発達栄養学8 発達栄養の特徴

発達障害児を対象とした発達栄養学は、期待をされている割に進まなかった、との指摘を受けることがありますが、それは発達障害の特性が大きく関係しています。同じ子どもに、いくつかのタイプの発達障害があることも珍しくなくて、個人差が非常に大きいという特徴もあります。

また、複数の状態が重なり合って現れることもあり、そのために発達障害の状態を明確に分けることが難しく、定型的な答えが導きにくいことが大きく関係しています。

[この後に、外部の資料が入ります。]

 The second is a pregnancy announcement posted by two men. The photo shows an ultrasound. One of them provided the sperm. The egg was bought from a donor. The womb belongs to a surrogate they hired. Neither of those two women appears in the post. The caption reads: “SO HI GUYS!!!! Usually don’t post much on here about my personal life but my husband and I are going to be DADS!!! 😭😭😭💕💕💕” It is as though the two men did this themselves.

同じ偏食であっても状態は細かく分かれていて、感覚の振れ幅も非常に大きくなっています。少し酸味がある料理を食べてもレモンを丸かじりしたように感じる例もあります。ほとんど気にならないような辛味が、唐辛子を丸ごと食べたように感じる例もあります。

さまざまな味覚の問題だけでなく、視覚、嗅覚、聴覚、触覚が交じり合い、誰一人として同じ困難さではないということも理解の困難さにつながっています。

発達障害の特徴を完全に知り、すべての反応を知って、それぞれの子どもがどのように感じて食べているのか、それが心身に与えている影響についても理解しなければ、実際の対応もできないことになります。

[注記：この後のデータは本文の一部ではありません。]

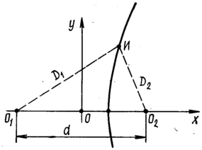 Если измеряемая величина есть разность дальностей D1, D2 от двух точек наблюдения О1 и О2 до источника ЭМИ (рис. 2), то линия положения – гипербола, а поверхность положения – гиперболоид вращения.

そのすべてを全体的な講習で学ぶことは困難であり、発達栄養学の講習では基本から学ぶことになりますが、その基本は応用として活かされる内容とする必要があります。そのためには常に多くの例を調査して、本人や家族の実体験を聞き、考えられる改善法が、どの程度通用しているのかも把握する必要があります。

そのためには講習テキストは基本中の基本と考え、常に最新情報を提供すると同時に、実際の発達障害児の反応を集めて分析することも欠かせません。

実際に食事をする発達障害児が、その重要性を理解しなければ、発達栄養学が成果をあげにくいことから、子どもを対象とした講習の機会(食育)を設けることも重要と考えています。

発達障害児の改善のための発達栄養学は、発達障害児以外であっても食事に問題を抱える多くの子どもの改善に役立つものです。そのため、食べることの重要性を知る講習は、すべての子どもを支援対象と考えています。